The extract is published online this week in the Journal for the History of Astronomy.

The current paper is the result of research into the Codex Climaci Rescriptus, a palimpsest that originated at Saint Catherine’s Monastery on Egypt’s Sinai Peninsula.

The majority of the manuscript’s 146 leaves, or folios, which originally belonged to the Greek Orthodox St Catherine’s Monastery in the Sinai Peninsula, Egypt, are now in the possession of the Museum of the Bible in Washington, DC. The pages contain the Codex Climaci Rescriptus, a collection of Syriac texts written in the tenth or eleventh centuries. But the codex is a palimpsest: parchment that was scraped clean of older text by the scribe so that it could be reused.

It was common practice at the time to scrape clean old parchment for reuse, and that’s what was done with the codex. Scholars initially believed the older writing to be more Christian texts. But in 2012, when Cambridge University professor and biblical expert Peter Williams assigned his summer students to study the pages for a special project, one of them found a Greek passage by the astronomer Eratosthenes.

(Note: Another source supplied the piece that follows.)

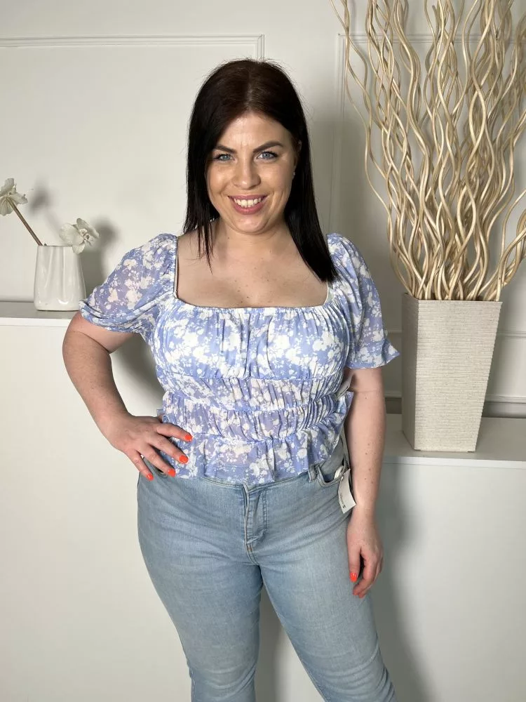 Missguided (L) Kék-Fehér Mintás, Kívül Hálós Anyagú Bélelt, Gumírozott, Kocka Kivágású Felső

Williams contacted researchers at the University of Rochester in New York and the Early Manuscripts Electronic Library in California to conduct multispectral imaging of the codex’s pages in 2017.

A leaf from the Codex Climaci Rescriptus in the Green Collection.
A leaf from the Codex Climaci Rescriptus in the Green Collection. Wikipedia

The method turned up a total of nine folios relating to astronomy that were written between the fifth and sixth centuries, including not only the passage by Eratosthenes on star myths but also a well-known poem (Phaenomena, written around the third century BCE) that describes constellations.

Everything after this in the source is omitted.